Improving daemon services in Amazon ECS
When using Amazon EC2 for compute capacity in Amazon Elastic Container Service (Amazon ECS) clusters, a common pattern customers follow is to schedule a single instance of a task across all or select nodes in the cluster. This includes running tasks that handle log and/or metrics collection such as Fluentd or the DataDog agent, node monitoring, security agents, or custom in-house services. Regardless of the use case, to achieve this on our own would be challenging, hence we rely on the scheduler to do the heavy lifting. To support this requirement, Amazon ECS includes the ability to schedule tasks using the daemon strategy when defining a service. The daemon scheduling strategy deploys exactly one task on each active container instance that meets all of the task placement constraints specified in your cluster. The service scheduler also evaluates the task placement constraints for running tasks and will stop tasks that do not meet the placement constraints. When using this strategy, there is no need to specify a desired number of tasks, a task placement strategy, or use Service Auto Scaling policies. For more information on daemon scheduling, see the Amazon ECS documentation.
One of the many benefits of using Amazon ECS is that customers get to take advantage of feature updates and enhancements to the control plane without the need to perform cluster level upgrades. This is an often understated value as our customers get to take advantage of the latest features without having to plan for cluster upgrades. With all of that said, over the past few months we have made several improvements to how ECS handles daemon services and prioritizes them when scheduling. Let’s take a look at some of the optimizations we’ve made.
Daemon task launch improvements
A common scenario when working with EC2-backed ECS clusters is around scale-out and how the scheduler handles placing daemon tasks onto the new hosts. The scheduler in this scenario is competing to schedule both replicas and daemons, and depending on how many replica services are running and in need of placement, daemons could lose out on getting placed onto a host. We’ve heard from our customers and have made some improvements to how the scheduler works with daemon tasks.

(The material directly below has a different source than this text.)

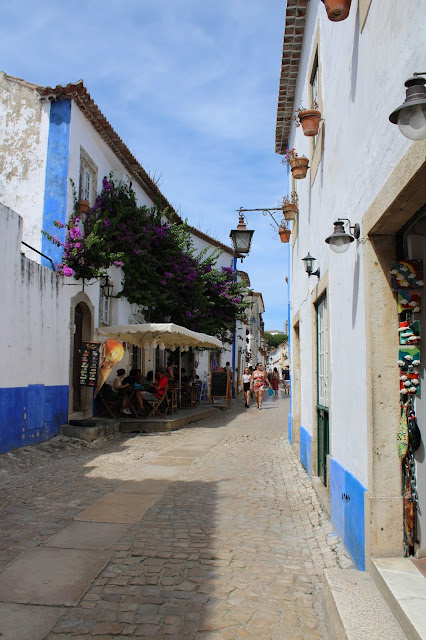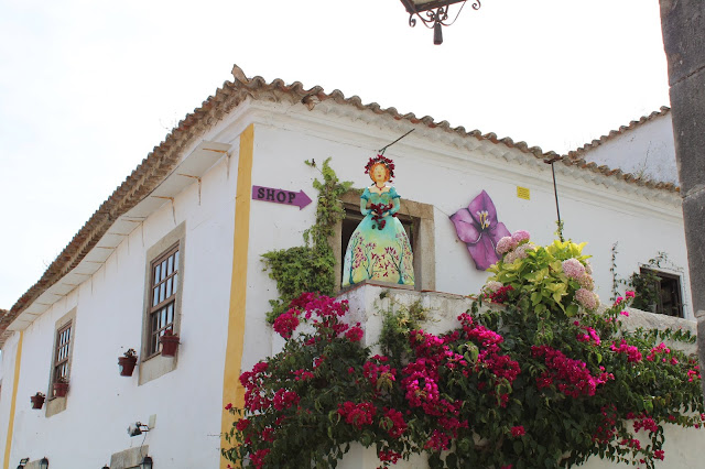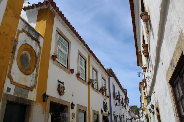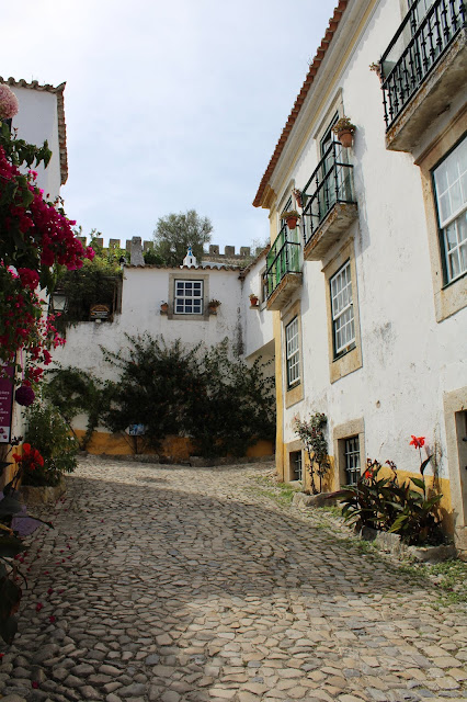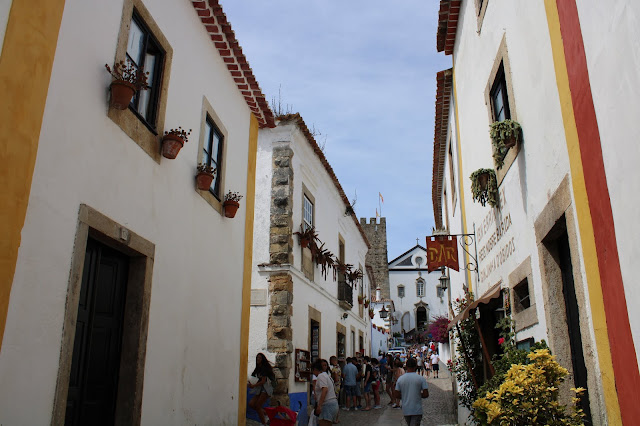 No topo da colina, há um castelo que atrai toda a nossa atenção. Mas até chegarmos aos seus encantos, vamos embarcar numa viagem fabulosa e rica sensorialmente. A entrada principal é a Porta da Vila - com um «interior revestido de azulejos», atualmente em manutenção -, que nos encaminha para a Rua Direita e para uma série de estímulos visuais, pois somos rodeados de casas, lojas de artesanato, restaurantes, galerias de arte e buganvílias, que eu adoro. Há uma certa urgência e um pulsar de vida que nos aumenta a vontade de continuar e de explorar cada recanto. Percorrer as suas ruas proporciona-nos, ainda, um contacto com vários estilos arquitetónicos, que resistiram à passagem do tempo, tornando Óbidos numa verdadeira obra de arte.

The most impactful improvement we’ve introduced relates to the frequency at which the scheduler launches daemon tasks relative to replica tasks. Recently, we modified the way we schedule daemon tasks by lowering the interval of how often the scheduler attempts to place daemon tasks relative to replica tasks. This has improved the responsiveness of daemon services during scale out events, giving greater probability to them getting scheduled. From our internal testing we saw a 96% success rate with daemon tasks getting successfully scheduled with a 7.6 second interval from instance launch to daemon tasks getting placed. This is just a small step in improving daemon services, but provides a much more reliable experience.
As mentioned above, it’s expected that EC2 instances will come in and out of ECS clusters as demand ebbs and flows. There are many reasons for this type of scaling activity; whether it’s an autoscaling event, an AMI update, or applying an OS patch, it’s a good practice to set your instances into a draining state when you want to recycle them. This is important for a couple of reasons:
1) The scheduler will not attempt to schedule new tasks onto an EC2 instance if it’s in a draining state.
2) The scheduler will stop those tasks, ensuring that if you do handle interruptions in your containers they can exit gracefully.
As we mentioned earlier, daemon service use cases generally serve as a centrally relied upon task running on a host (log aggregation and/or metrics collection for example). If a daemon task gets killed before other non daemon tasks, the tasks that rely on the daemon task won’t be able to communicate with it as it no longer exists. This was an issue that our customers brought up as the scheduler would kill tasks regardless of them being daemon or replica. In November of 2020, we added an update to the ECS scheduler to drain daemon tasks last on a host. This ensures that when an instance is set to drain, ECS will terminate all other tasks before terminating the daemon task.
We are continually iterating on ECS features and enhancements. While some features garner more attention than others, the users of the service get to take advantage of these features and enhancements on day one without the need to perform cluster control plane upgrades. Daemon service enhancements have been rolled out over the past few months and we will continue to improve them going forward. This means that while using these features, one may be taking advantage of them without being aware of the updates that have been put into place. Ultimately this helps our customers focus more on what matters to their business, and less about the boilerplate that takes time away from what’s important.